*WORK REQUIRED*
Your answer must be the records below, given again exactly, with no pictures in it.

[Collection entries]
+ + + +

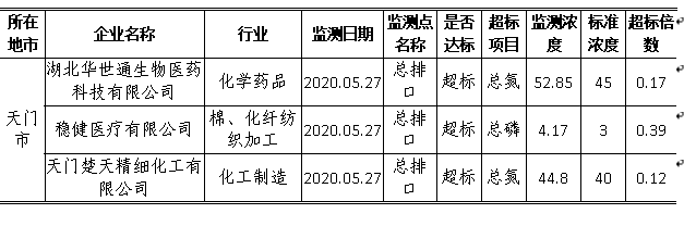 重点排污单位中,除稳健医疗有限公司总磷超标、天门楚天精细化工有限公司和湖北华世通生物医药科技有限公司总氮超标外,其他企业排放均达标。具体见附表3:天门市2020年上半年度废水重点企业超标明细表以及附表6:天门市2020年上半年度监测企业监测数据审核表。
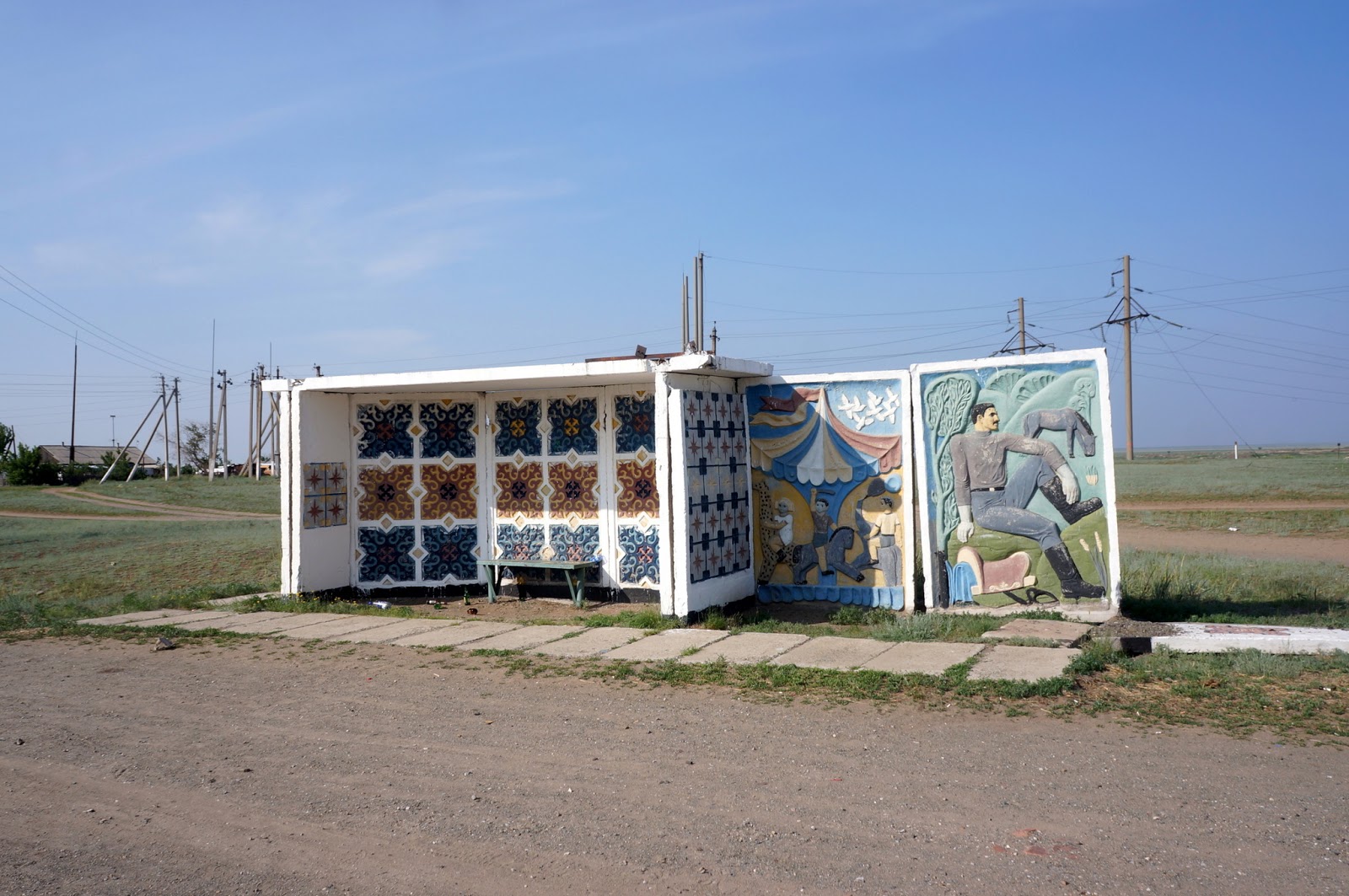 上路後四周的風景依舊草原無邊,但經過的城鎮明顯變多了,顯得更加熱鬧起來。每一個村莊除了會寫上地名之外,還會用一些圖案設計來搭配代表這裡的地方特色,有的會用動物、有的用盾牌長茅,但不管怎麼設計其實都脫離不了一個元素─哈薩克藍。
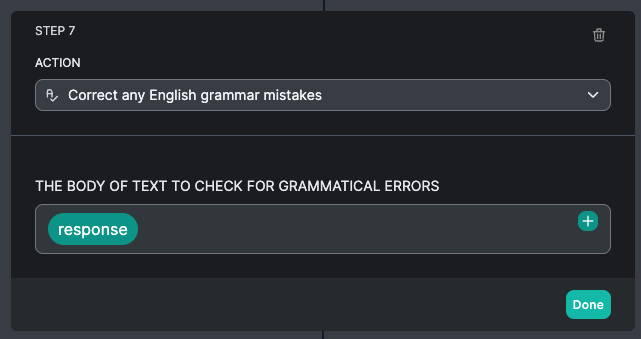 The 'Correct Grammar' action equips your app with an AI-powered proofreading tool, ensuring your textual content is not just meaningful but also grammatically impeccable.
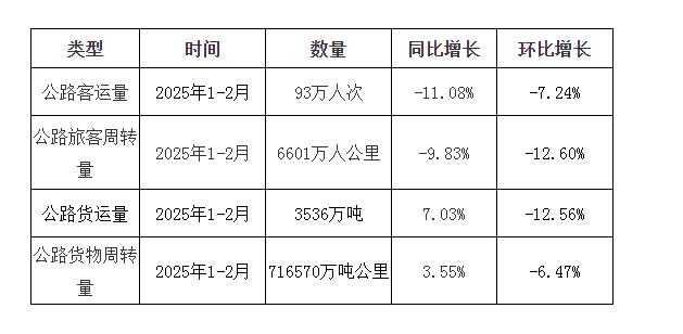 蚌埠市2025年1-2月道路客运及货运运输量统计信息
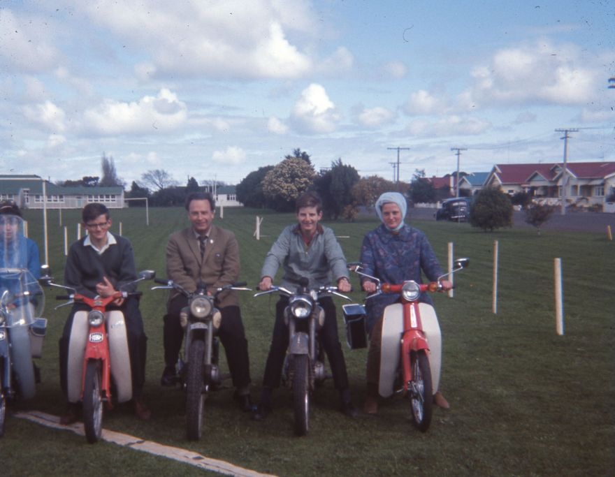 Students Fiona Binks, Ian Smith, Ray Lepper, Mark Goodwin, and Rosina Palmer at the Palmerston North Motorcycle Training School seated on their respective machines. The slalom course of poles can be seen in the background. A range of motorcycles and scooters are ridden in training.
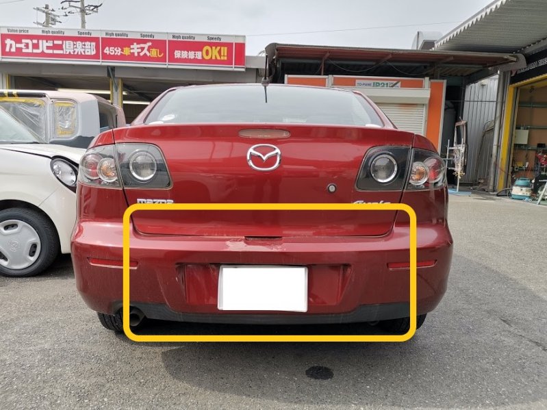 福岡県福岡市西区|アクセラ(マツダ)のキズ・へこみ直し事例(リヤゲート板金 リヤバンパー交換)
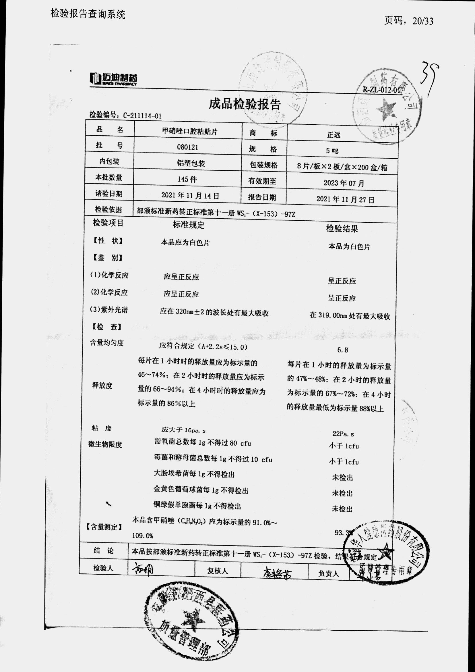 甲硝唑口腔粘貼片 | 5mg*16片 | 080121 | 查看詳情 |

+ + + +

*TASK OUTPUT*
 重点排污单位中,除稳健医疗有限公司总磷超标、天门楚天精细化工有限公司和湖北华世通生物医药科技有限公司总氮超标外,其他企业排放均达标。具体见附表3:天门市2020年上半年度废水重点企业超标明细表以及附表6:天门市2020年上半年度监测企业监测数据审核表。
 上路後四周的風景依舊草原無邊,但經過的城鎮明顯變多了,顯得更加熱鬧起來。每一個村莊除了會寫上地名之外,還會用一些圖案設計來搭配代表這裡的地方特色,有的會用動物、有的用盾牌長茅,但不管怎麼設計其實都脫離不了一個元素─哈薩克藍。
 The 'Correct Grammar' action equips your app with an AI-powered proofreading tool, ensuring your textual content is not just meaningful but also grammatically impeccable.
 蚌埠市2025年1-2月道路客运及货运运输量统计信息
 Students Fiona Binks, Ian Smith, Ray Lepper, Mark Goodwin, and Rosina Palmer at the Palmerston North Motorcycle Training School seated on their respective machines. The slalom course of poles can be seen in the background. A range of motorcycles and scooters are ridden in training.
 福岡県福岡市西区|アクセラ(マツダ)のキズ・へこみ直し事例(リヤゲート板金 リヤバンパー交換)
 甲硝唑口腔粘貼片 | 5mg*16片 | 080121 | 查看詳情 |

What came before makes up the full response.